▸ **Collected data**:

--------------------

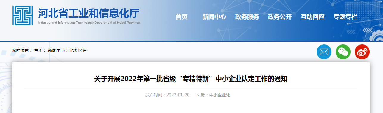 關于開展2022年第一批省級“專精特新”中小企業認定工作的通知
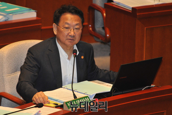 유일호 경제부총리 겸 기획재정부 장관이 14일 오전 국회에서 열린 예산결산특별위원회 전체회의에 참석해 의원들의 질문에 답하고 있다.
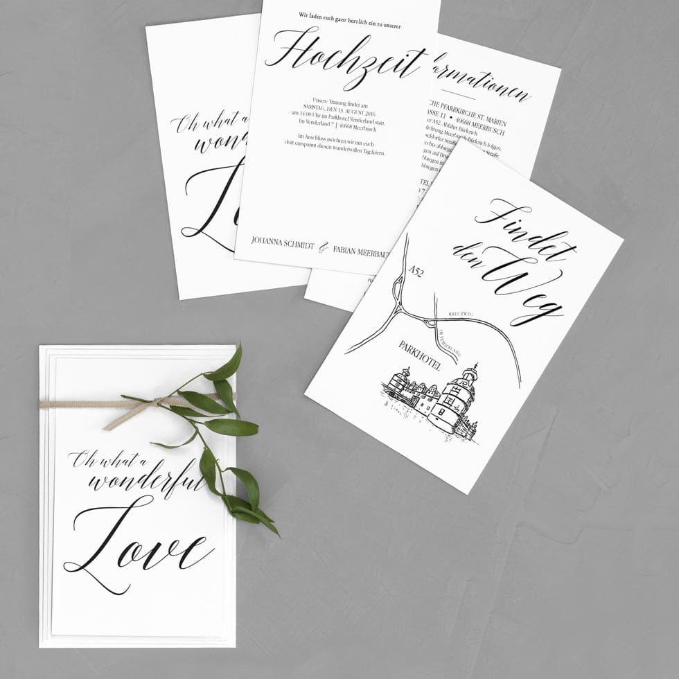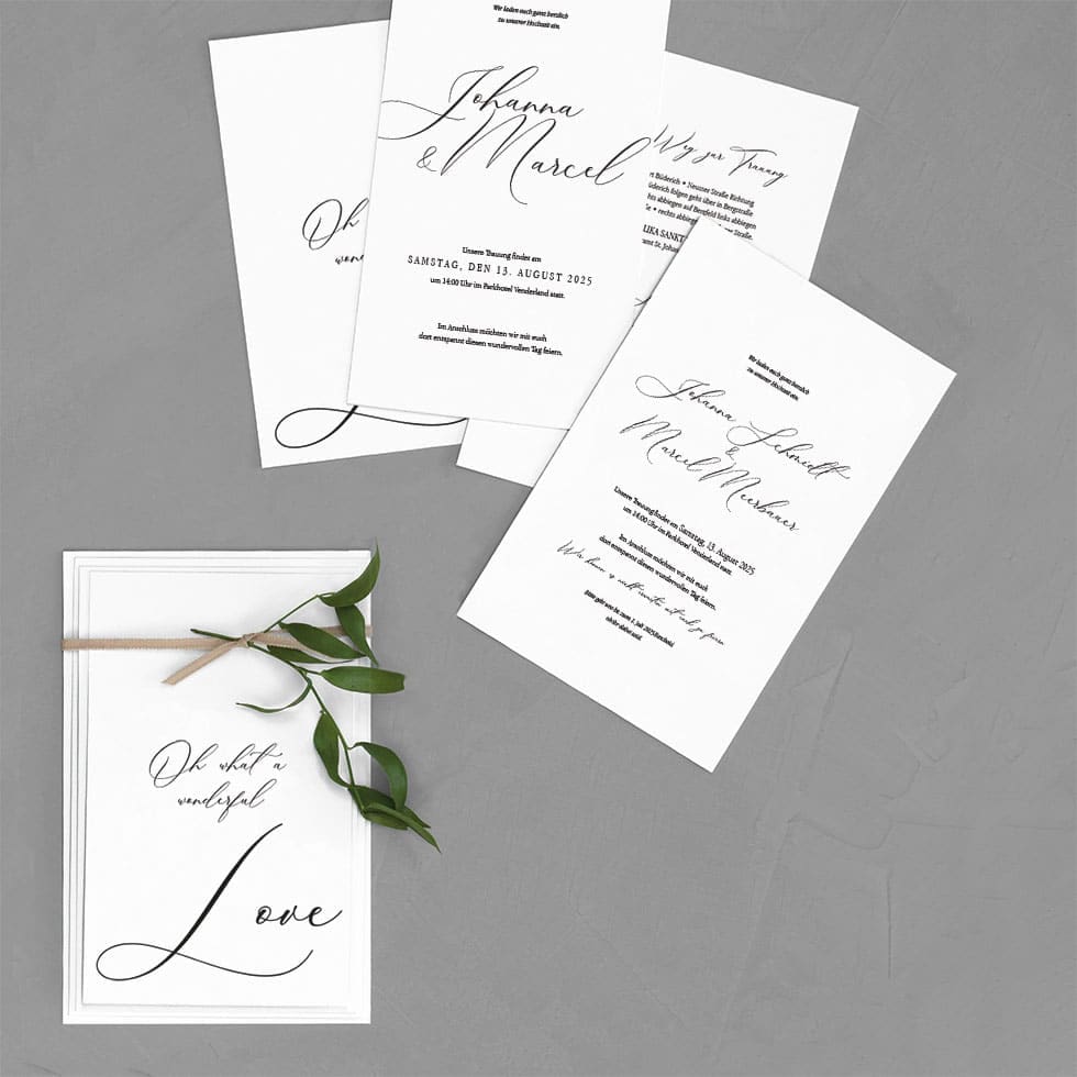 Gestaltet im Handumdrehen wundervolle Kalligraphie Hochzeitskarten sowie alle Accessoires selbst und lasst eure Karten professionell drucken.
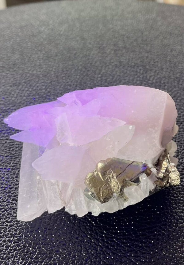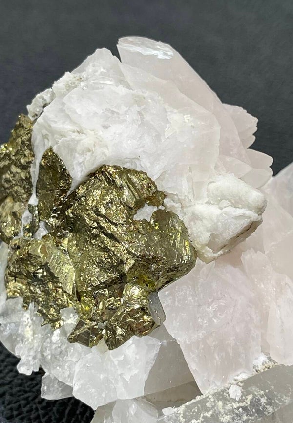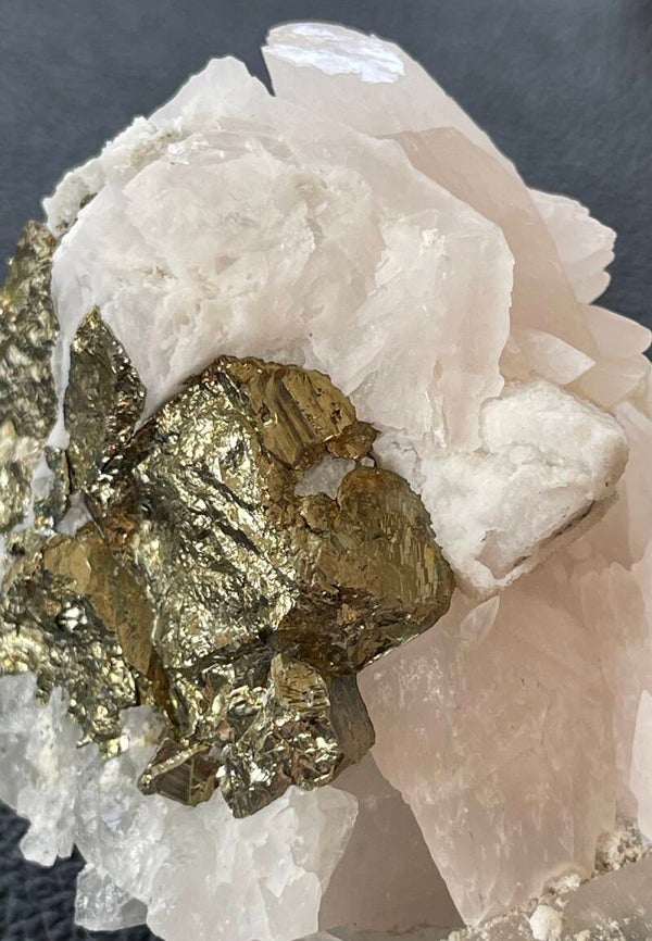 Heel bijzonder ruw stukje Mangaan Calciet op Pyriet en Kwarts uit de Racracacha mijn, Provincie de Pasco, Capital Cerro de Pasco Lima, Peru, medium

--------------------

Would you output the data above exactly as written, but with no images?

 關于開展2022年第一批省級“專精特新”中小企業認定工作的通知
 유일호 경제부총리 겸 기획재정부 장관이 14일 오전 국회에서 열린 예산결산특별위원회 전체회의에 참석해 의원들의 질문에 답하고 있다.
 Gestaltet im Handumdrehen wundervolle Kalligraphie Hochzeitskarten sowie alle Accessoires selbst und lasst eure Karten professionell drucken.
 Heel bijzonder ruw stukje Mangaan Calciet op Pyriet en Kwarts uit de Racracacha mijn, Provincie de Pasco, Capital Cerro de Pasco Lima, Peru, medium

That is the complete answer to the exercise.